1 Corinthians 9:19-23 (TNIV©, my emphasis)
I also agree with the “Reformed” position that salvation is not just an individual matter, but the church is a necessary part of the Christian life.
And I am puzzled by Sam’s comments about the world, but agree with the “Reformed” position that
growth in faith is tied in with growth in good works, which are seen as the fruit.
Does this make me a Reformed evangelical, or at least an evangelical who is acceptable to Sam? I hope at least that he can accept that my position does not “fall off the edge of traditional Anglican teaching“; indeed it is probably right at the centre of the traditional teaching at least of what is now the largest group within the Church of England, the evangelicals.

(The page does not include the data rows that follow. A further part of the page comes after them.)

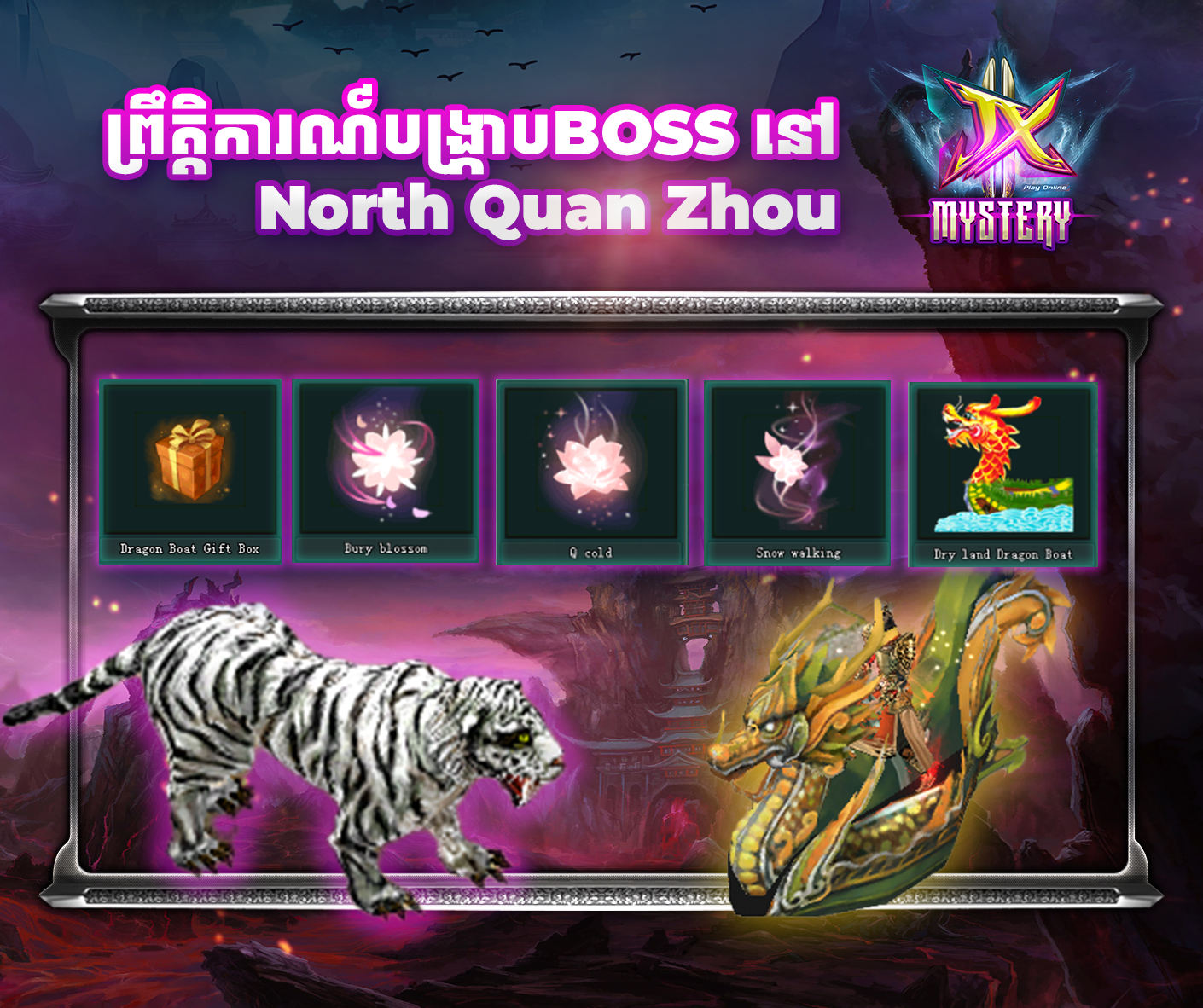 - ចំពោះតួអង្គណាដែលជាអ្នកសម្លាប់BOSSចុងក្រោយនឹងទទួលរង្វាន់ភ្លាមៗដូចជា ៖ 3000000Exp , Dragon Boat Gift Box*1 និងមានឱកាសទទួលបាន Pegasus រយះពេល 7ថ្ងៃ
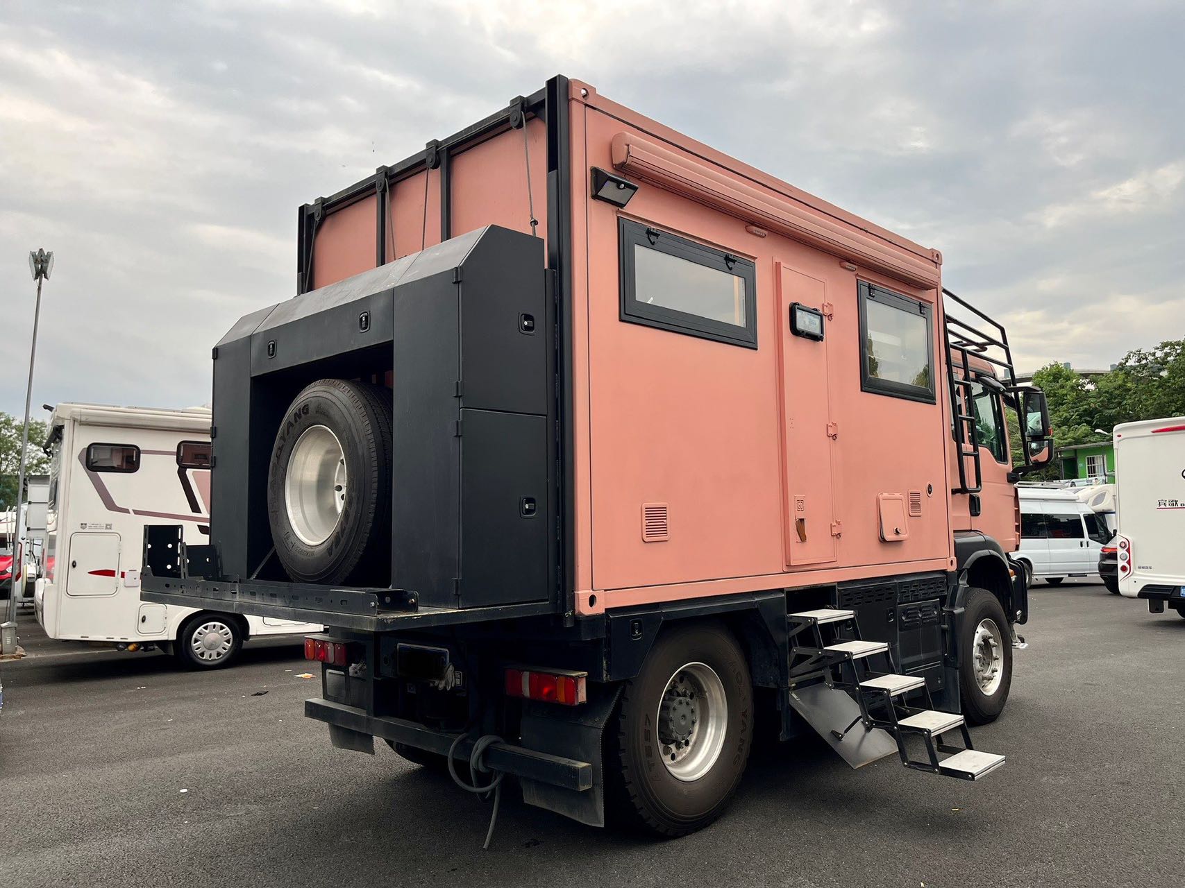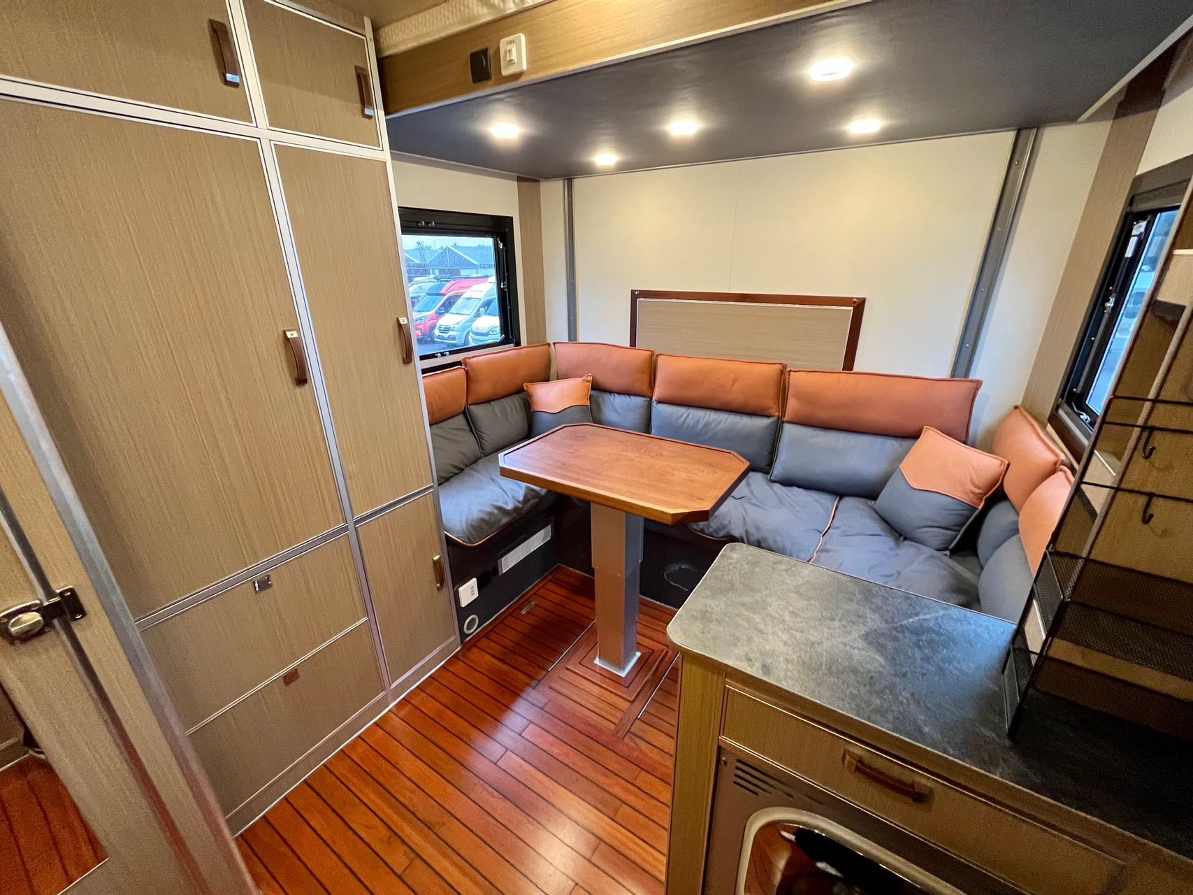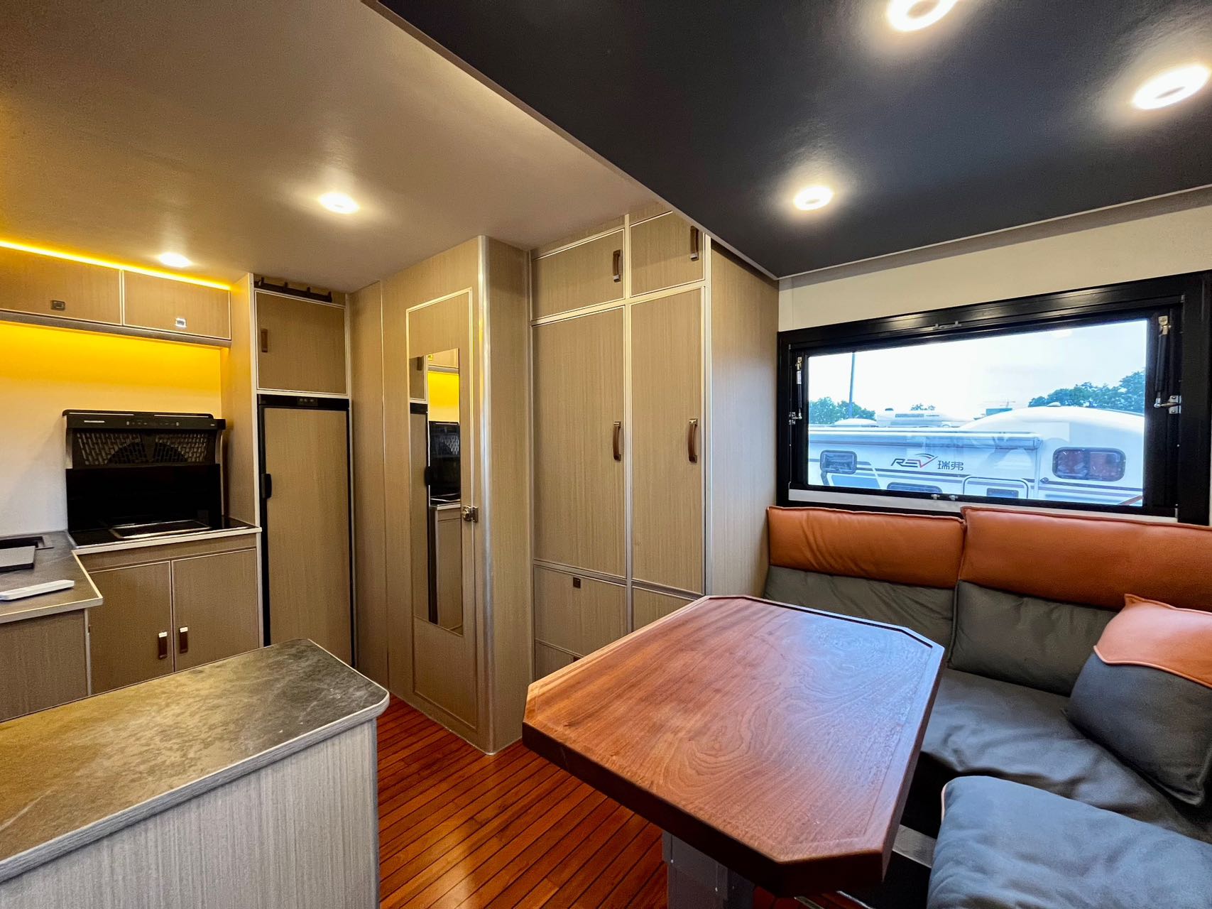 【戶外配置】:220V市電接口,重力加水口,電動戶外遮陽棚,中門密碼鎖,五階上車踏步,電動升降儲物箱和摩托車架,車頂射燈
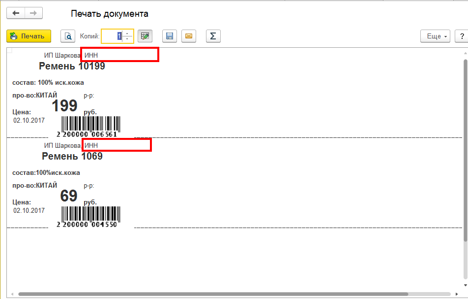 Есть небольшая работа в 1С Розница 2.2: после обновления программы до релиза 2.2.6.33 в ценниках перестал печататься ИНН. Ценники печатают из документа "Поступление товара" кнопка "Печать"Ценники Ссылка на базу http://dropmefiles.com/NBMLr пользователь Администратор без пароля

But I do have serious problems with Sam’s teaching that “God is in charge of whether a particular person is saved or not“. This appears to be a summary of the doctrine of double predestination, that some are predestined to be saved and everyone else is predestined to be damned. He can hardly make acceptance of this teaching into a touchstone for Anglican orthodoxy, for it is a position which surely has never been taken by more than a small minority of Anglicans. Indeed, it seems to me that predestination to damnation is explicitly rejected in Article XVII “Of Predestination and Election” of the Thirty Nine Articles:
for curious and carnal persons, lacking the Spirit of Christ, to have continually before their eyes the sentence of God’s Predestination, is a most dangerous downfall, whereby the Devil doth thrust them either into desperation, or into wretchlessness of most unclean living, no less perilous than desperation.
It is also of course explicitly rejected in Scripture:
3 This is good, and pleases God our Saviour, 4 who wants all people to be saved and to come to a knowledge of the truth.
1 Timothy 2:3-4 (TNIV©)
The Lord is not slow in keeping his promise, as some understand slowness. Instead he is patient with you, not wanting anyone to perish, but everyone to come to repentance.
2 Peter 3:9 (TNIV©)
there is a duty placed upon all Christians to seek common ground and affirm those things which bind us together rather than focussing on things which drive us apart.
And I am sure that there is a lot of common ground between you and me, which fits well within the “very broad boundaries” of the Church of England. So let us not get sidetracked into disagreements about predestination, nor about methods of evangelism as long as these do not compromise basic Christian principles. Let us instead focus on fighting our real enemies, which are not within the church but are matters of the world, the flesh and the devil.